Si el discurso que pronunció el candidato en el Parlamento de Cataluña lo hubiera pronunciado un gobernador de cualquier estado norteamericano, habría salido del recinto esposado y detenido por la Guardia Nacional o el FBI. En España, una declaración de guerra, una burla a la Constitución y un derroche de xenofobia y odio, lanzados por el presidente de una comunidad autónoma es probable que ni siquiera tenga consecuencias penales.
La causa inmediata del drama es la indolencia y la indecisión del gobierno de Mariano Rajoy, al que le falta contundencia y rigor aplicando la Constitución, pero la causa profunda es la preponderancia de los partidos políticos sobre la misma nación y sobre los valores y normas básicas de la democracia, una carencia que no sólo daña a la nación y a los ciudadanos, sino también el bien común y todos los valores propios de la política tradicional democrática: el interés general, el sentido del deber, el honor, el servicio al ciudadano y la búsqueda constante, desde las instituciones del Estado, de la justicia y la felicidad de los ciudadanos.
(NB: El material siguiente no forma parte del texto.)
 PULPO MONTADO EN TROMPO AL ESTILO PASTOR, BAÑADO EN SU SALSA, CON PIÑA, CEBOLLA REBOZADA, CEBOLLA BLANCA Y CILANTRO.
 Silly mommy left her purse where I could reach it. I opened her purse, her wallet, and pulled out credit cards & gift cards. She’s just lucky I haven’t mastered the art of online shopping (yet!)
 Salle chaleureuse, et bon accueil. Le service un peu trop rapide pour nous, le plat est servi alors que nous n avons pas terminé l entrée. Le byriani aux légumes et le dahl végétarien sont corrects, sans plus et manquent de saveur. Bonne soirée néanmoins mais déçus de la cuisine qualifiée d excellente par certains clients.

El sistema político español es claramente una dictadura encubierta de partidos políticos, sin ciudadanos y sin valores, un drama que está detrás de la actual decadencia española y de la falta de prestigio de España en el mundo, donde se nos contempla, con razón, como una democracia prostituida y secuestrada por los partidos políticos. Los partidos políticos ocupan la cumbre del poder y son el máximo centro de decisiones, sustituyendo en esos espacios a la nación y a la ciudadanía.
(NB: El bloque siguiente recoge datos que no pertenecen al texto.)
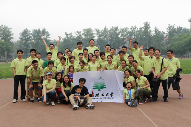 首轮比赛,beat365应战社科院,队员都有一点兴奋,毕竟这是一次“复仇”的好机会。拔河队队长、机电学院博士后徐彬非常重视这次比赛,比赛前他将拔河队员聚集在一起商量比赛的每一个细节,比赛时他更是使用了一些高明的技巧——队员们在赛前商量好本队的加油口号,当比赛出现僵持的时候,拉拉队的队员们会按照徐彬的指挥手势,突然停止加油,屏声静气,而后一举齐声呼喊口号,利用爆发力击溃对手。赛前的精心准备和赛场上的完美策略带来了出其不意的比赛效果,当线上的红绳渐渐拉向北理工的这一方时,社科院不得不放弃了最后的挣扎,裁判宣布北理工获得胜利。
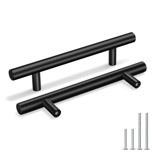 Guldvarmt 15 stycken möbelhandtag 128 mm – kökshandtag svart köksskåp dörrhandtag köksskåp dra LS201BK128 T stånghandtag ihåligt rostfritt stål relinghandtag inklusive skruvar
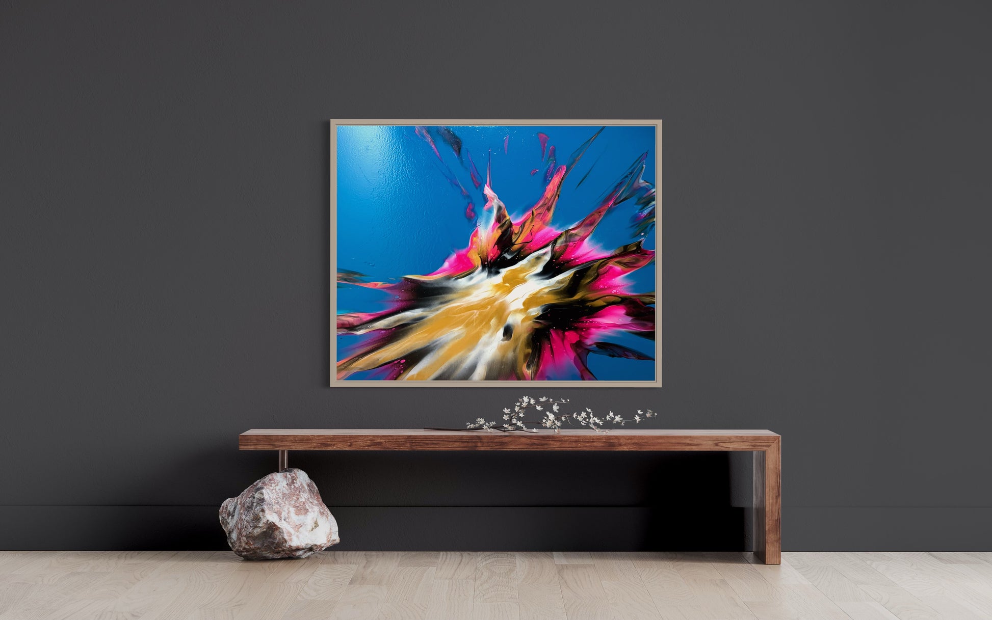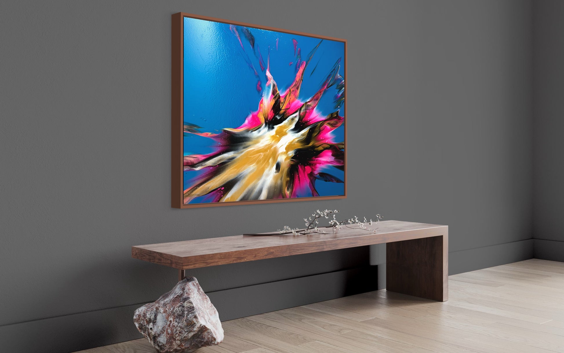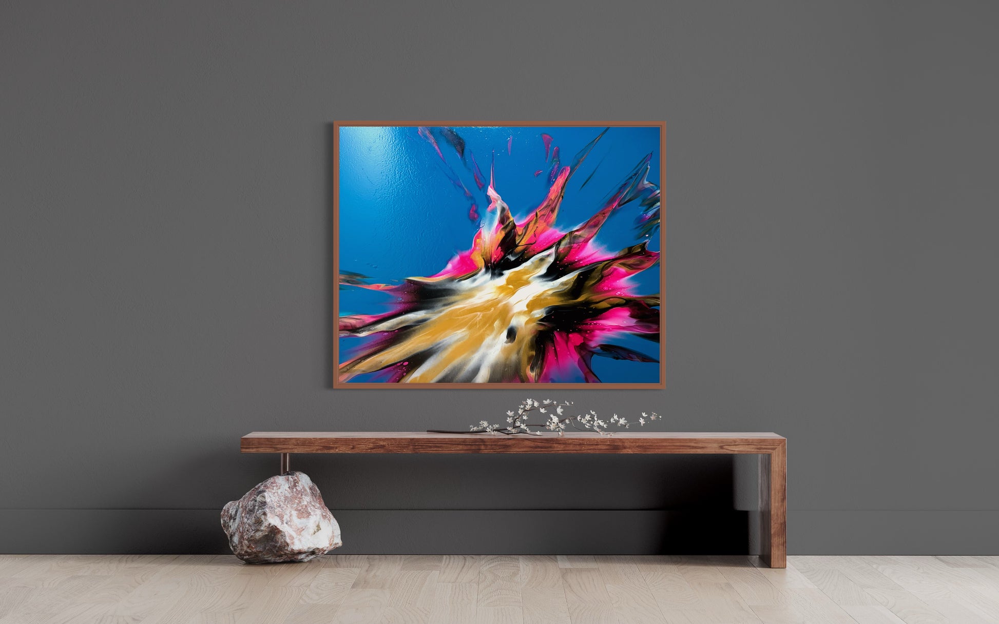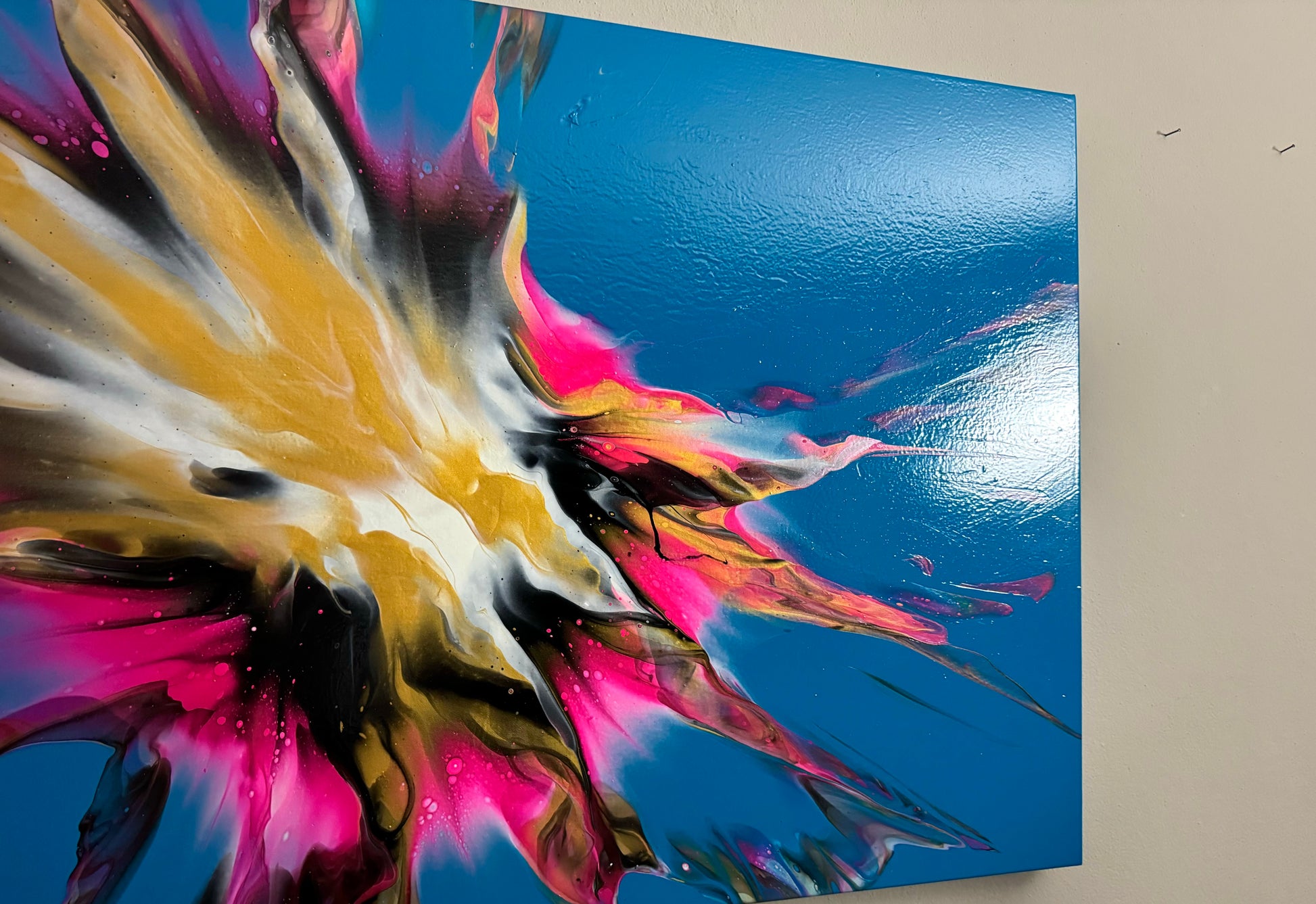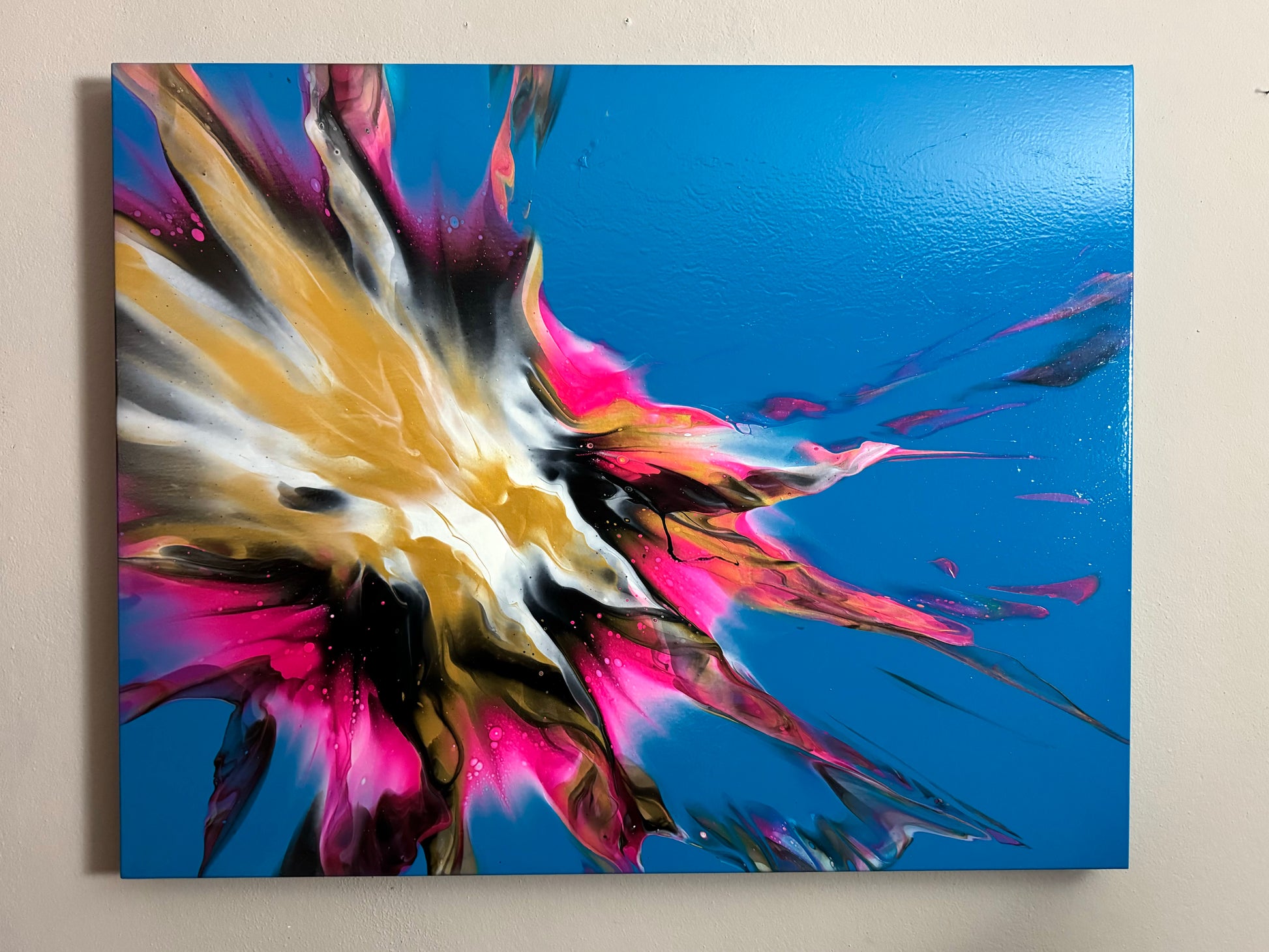 Experience stunning and bold design with my 100x80cm on canvas. The vibrant colors bring life to any room, while the blue base creates beautiful negative space. Add a touch of sophistication to your space with this versatile and eye-catching piece. It comes. With a gloss varnish finish

Las víctimas del sistema alterado son muchas, desde los ciudadanos al bien común, la libertad y un sinnúmero de valores, pero el daño mayor es para los ciudadanos y la nación, condenados a vivir mermados y carentes de ilusiones, esperanzas y horizontes atractivos.
Los partidos políticos tienen que cumplir la orden constitucional de practicar la democracia interna y tienen también que perder poder y someterse al imperio de la ley y a la influencia y control de la ciudadanía. Sin esos cambios, España seguirá siendo una dictadura de partidos, en la que gobiernan sin controles suficientes y sin que los ciudadanos ni los poderes básicos del Estado, sobre todo la Justicia, puedan someterlos.
A partir de ahora se abre una etapa incierta y peligrosa en Cataluña sin que el Partido Pupular, en cuyas manos está el timón del Estado, parezca darse cuenta del enorme riesgo que amenaza a la nación española, no sólo de que su unidad se rompa, sino también de que el liderazgo político, desprestigiado e inepto, deje de ser respetado y salte por los aires, impregnado de indolencia e inutilidad.
El nuevo presidente de Cataluña, un tipo xenófobo y radical que sueña con una abierta rebelión popular, que odia a España, a los españoles y, sobre todo, a los catalanes que se sienten españoles, no debería ocupar la presidencia de un gobierno autonómico español porque no reúne las condiciones ni las garantías mínimas exigibles.
Pero ocurre que como los partidos son los dictadores y se niegan a someterse y a tener limitaciones, el tal Quim Torra podrá, seguramente, cumplir sus tenebrosas e insultantes promesas de emplear su poder y sus recursos en construir una república catalana, abriendo de nuevo las embajadas, utilizando para su obra demoledora el dinero de nuestros impuestos y actuando contra la nación como lo hace un cáncer maligno.